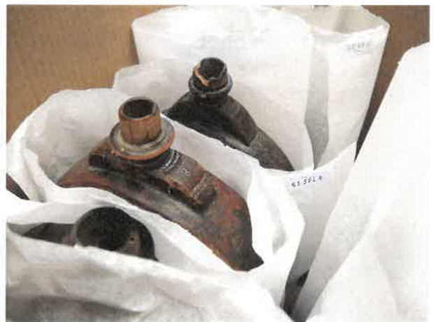
Kartondobozok és savmentes papír
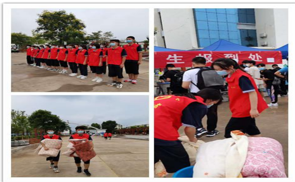
图 10 疫情期间，志愿者们迎接新学弟学妹的到来！
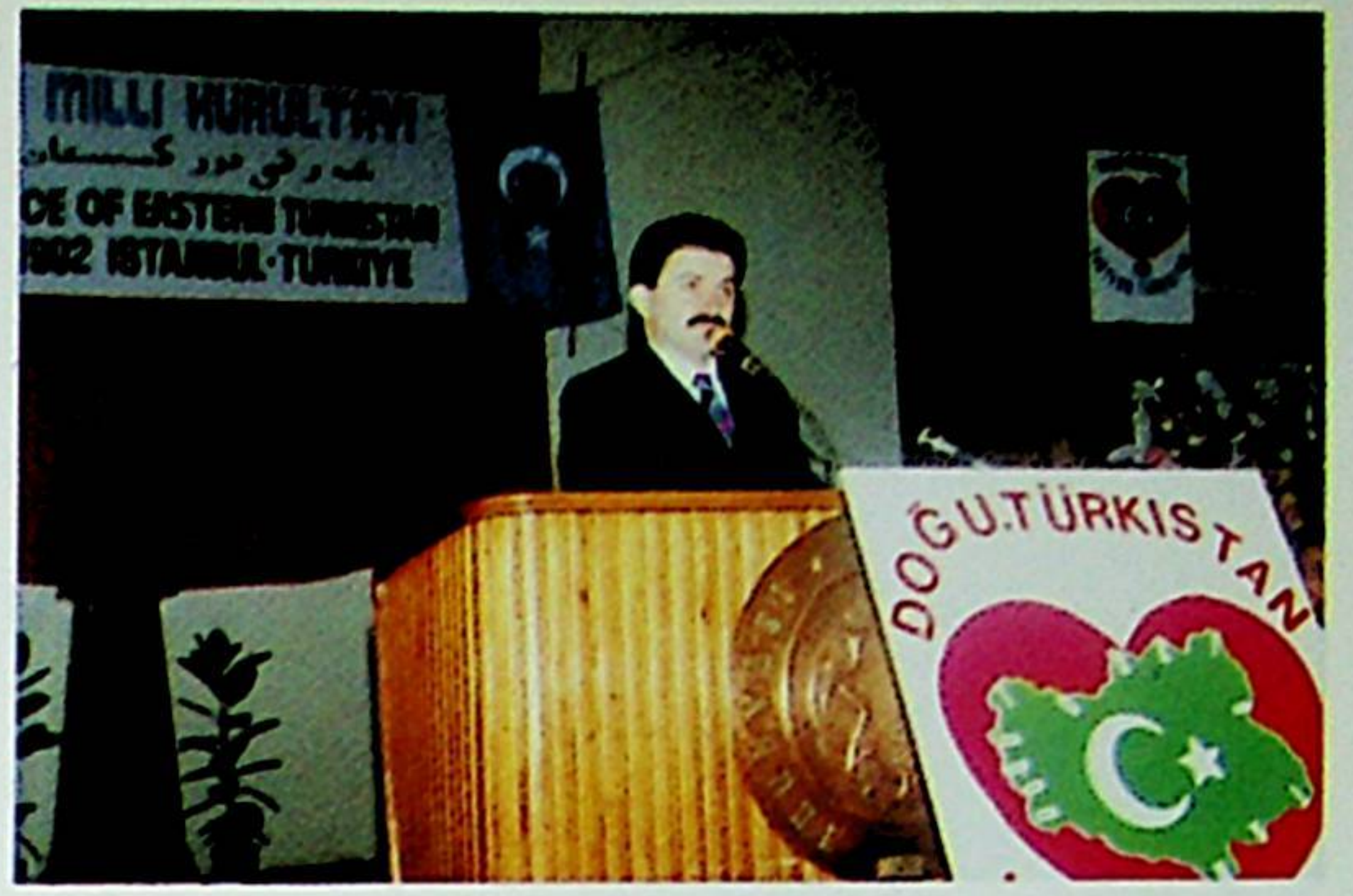
Başbakanlık Baş Danışmanı Büyükelçi Namık Kemal Zeybek
──────────
If the listing above includes images, copy every line of it exactly except those images.

Kartondobozok és savmentes papír
图 10 疫情期间，志愿者们迎接新学弟学妹的到来！
Başbakanlık Baş Danışmanı Büyükelçi Namık Kemal Zeybek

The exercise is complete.